La pilosité humaine étant très variable, il est très difficile de dire à priori combien de temps peut prendre l’épilation d’un visage. D’autre part, certaines techniques (comme le recours à des électrodes isolées) sont plus efficaces que d’autres. Mais pouvoir commencer cette dernière plusieurs mois avant le début de votre traitement hormonal est vraiment important. Si vous commencez les deux à peu près en même temps, vous allez devoir mettre les bouchées doubles. Si vous la commencez après, vous risquez de sérieuses difficultés. D’importantes repousses sont extrêmement gênantes si elles se produisent alors que votre traitement hormonal a des effets visibles ou pire encore, quand votre transition est achevée.

Travail de la voix (MtF)

Le travail de la voix est très long, frustrant et difficile. Il fait partie des choses qu’il faut commencer au plus vite quand on envisage une transition. C’est aussi un travail qu’on peut entreprendre sans attendre de prise en charge ou de remboursement. Là encore, chaque mois de gagné sera très précieux.

Certains orthophonistes sont capables d’aider les personnes transsexuelles et transgenres à modifier leurs voix. Mais ils ne sont pas nombreux et on n’en trouve pas partout. Mais c’est, bien sûr, une possibilité.

Une autre option consiste à utiliser l’une des méthodes mises au point par des personnes transsexuelles. J’en connais deux qui ont fait leurs preuves. La première est celle de Melanie Ann Phillips qui a créé la première méthode permettant aux MtF de travailler leur voix et d’arriver à un résultat valable.

La seconde est celle de Deep Stealth  : sous cette enseigne, Andrea James et Calpernia Adams ont créé une petite boutique qui diffuse quelques documents très précieux pour les personnes transsexuelles, dont un DVD permettant aux MtF de travailler leur voix. Cette méthode aussi est réputée.

Ces deux méthodes sont en anglais et je ne connais pas d’équivalent en langue française.

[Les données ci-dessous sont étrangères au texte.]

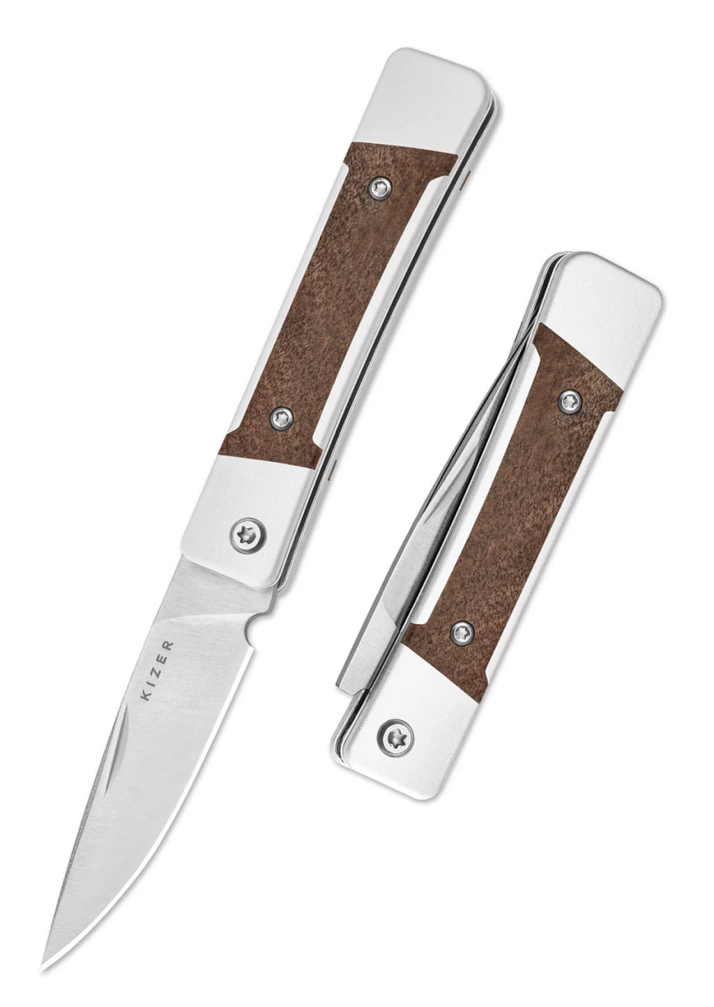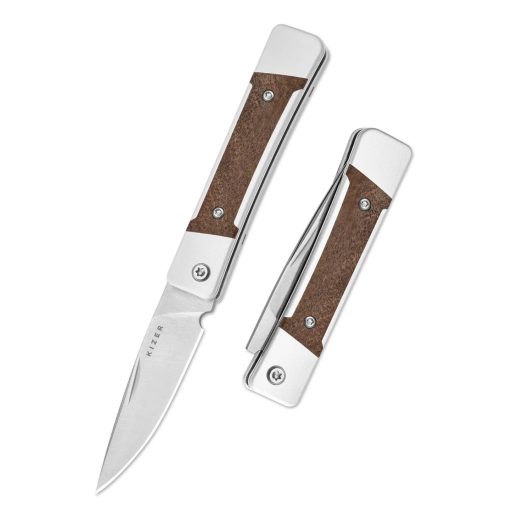 A kés teljes hossza 145 mm, zárt állapotban 81 mm, a penge hossza 64 mm, vastagsága 2,5 mm, acélja Nitro-V, amely a gyártó szerint kiegyensúlyozott él-tartást és stabil vágóteljesítményt biztosít. A penge csiszolása flat grind, ami egyenletes, jól kontrollálható vágóélt eredményez, a drop point forma pedig precíz hegypont-irányítást tesz lehetővé. A markolat anyaga mkuruti wood és alumínium, a markolat hossza 81 mm, amely kompakt, mégis biztos fogást ad. A kés tömege mindössze 51,5 g, így kifejezetten könnyű, zsebben és ingzsebben is kényelmesen hordható. A slip-joint mechanika előnye, hogy finoman mozog, nem igényel erőkart vagy zárkioldót, és megfelel olyan helyzetekben is, ahol a záras kések kevésbé elfogadottak. A konstrukció illesztései pontosak, a penge rugója határozott, a markolat textúrája természetes és ergonomikus — a kés összességében harmonikus, könnyű és használatra kész.

Traitement hormonal (pour les MtF)

Si vous êtes MtF, il est très important de laisser passer un peu de temps (quelques mois) entre le début de votre épilation électrique et le début de votre traitement hormonal. Il n’y a donc pas grand chose à faire à ce sujet au début de votre transition, si ce n’est de vous informer de ce que c’est qu’un traitement hormonal, de ses effets, de ses avantages et de ses risques.

Mais, si vous avez la possibilité de choisir un endocrinologue parmi plusieurs d’entre eux, cela peut valoir la peine de vous arrêter à la manière dont il/elles accueillent leurs patients ainsi qu’aux types de traitements qu’ils utilisent. Certains médecins choisissent une voie "douce" avec des dosages plus faibles, moins de contrôle en laboratoire et aussi des effets plus lents à se manifester. D’autres ont des approches plus vigoureuses, qui auront des effets visibles beaucoup plus rapidement. Elles demanderont un contrôle nettement plus serré. Elles impliquent aussi plus de risques et les effets psychologiques (en particulier les sautes d’humeur) sont aussi susceptibles d’être plus difficiles à vivre.

Le principal problème d’un traitement hormonal aux Å“strogènes est qu’il rend le sang moins fluide. Cela peut représenter un risque, en particulier si vous êtes immobilisées pour une période prolongée. Dans ce genre de cas, le risque de thrombose est réel, tout comme pour les femmes enceintes qui reprennent leur contraception.

Si vous faites votre transition sans suivi (et votre traitement hormonal en automédication), il est essentiel que vous obteniez l’aide d’un médecin qui accepte de faire des tests de votre taux d’hormones dans le sang et que vous respectiez ses feedbacks. Là encore, l’enjeu est d’éviter des accidents circulatoires qui peuvent être très graves, voire mortels.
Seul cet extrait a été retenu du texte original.